Mais il n’y a là qu’un raccord factice. Ce qui serait grave, dans la condamnation à mort de Louis, ce n’est pas qu’elle fût prononcée sans que la volonté de la nation intervienne : c’est qu’elle fût prononcée. Ce n’est plus de l’appel au peuple qu’il s’agit : c’est de l’appel à la clémence, et tout ce magnifique développement serait le même si Vergniaud, au lieu de parler pour persuader à la Convention de se dessaisir, avait parlé pour lui demander de retenir le jugement et d’y faire œuvre de pitié et de quelle parole audacieuse, presque flétrissante, il caractérise la condamnation à mort : un acte de vengeance.
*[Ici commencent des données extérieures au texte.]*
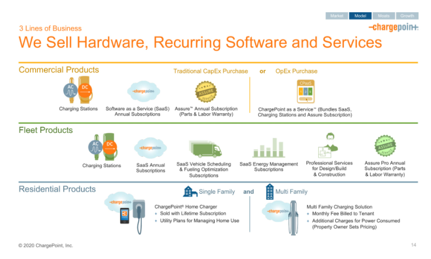 Along, with the massive charging network – which drives the bulk of its revenues, through either CapEx or OpEx customer purchases – Chargepoint also delivers Fleet products for charging and managing fleet, and Residential Products for single/multi-family homes. Chargepoint also recently acquired eBus and ViriCiti to advance its fleet management efforts.

Mais cet acte de vengeance, pourquoi le déléguer à la nation ? Pourquoi du moins tenter le peuple ? Ce n’est pas seulement un acte de cruauté maladroite que Vergniaud expose le peuple à accomplir, c’est un acte de lâcheté.
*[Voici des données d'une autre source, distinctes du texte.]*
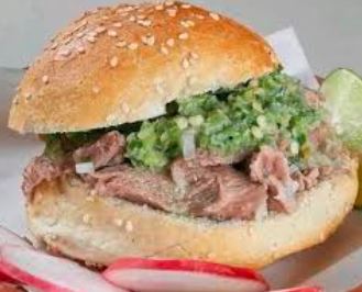 Pan de cemita de 15 cm de diámetro rellena de carne de lengua de res al vapor.

« Il fallait du courage, le Dix-Août, pour renverser Louis encore puissant, quel courage faut-il pour envoyer au supplice Louis vaincu et désarmé ? Un soldat Cimbre entre dans la prison de Marius pour l’égorger ; effrayé à l’aspect de sa victime, il s’enfuit sans oser la frapper. Si ce soldat eût été membre d’un Sénat, doutez-vous qu’il eût hésité à voter pour la mort du tyran ? Quel courage trouvez-vous à faire un acte dont un lâche serait capable ? »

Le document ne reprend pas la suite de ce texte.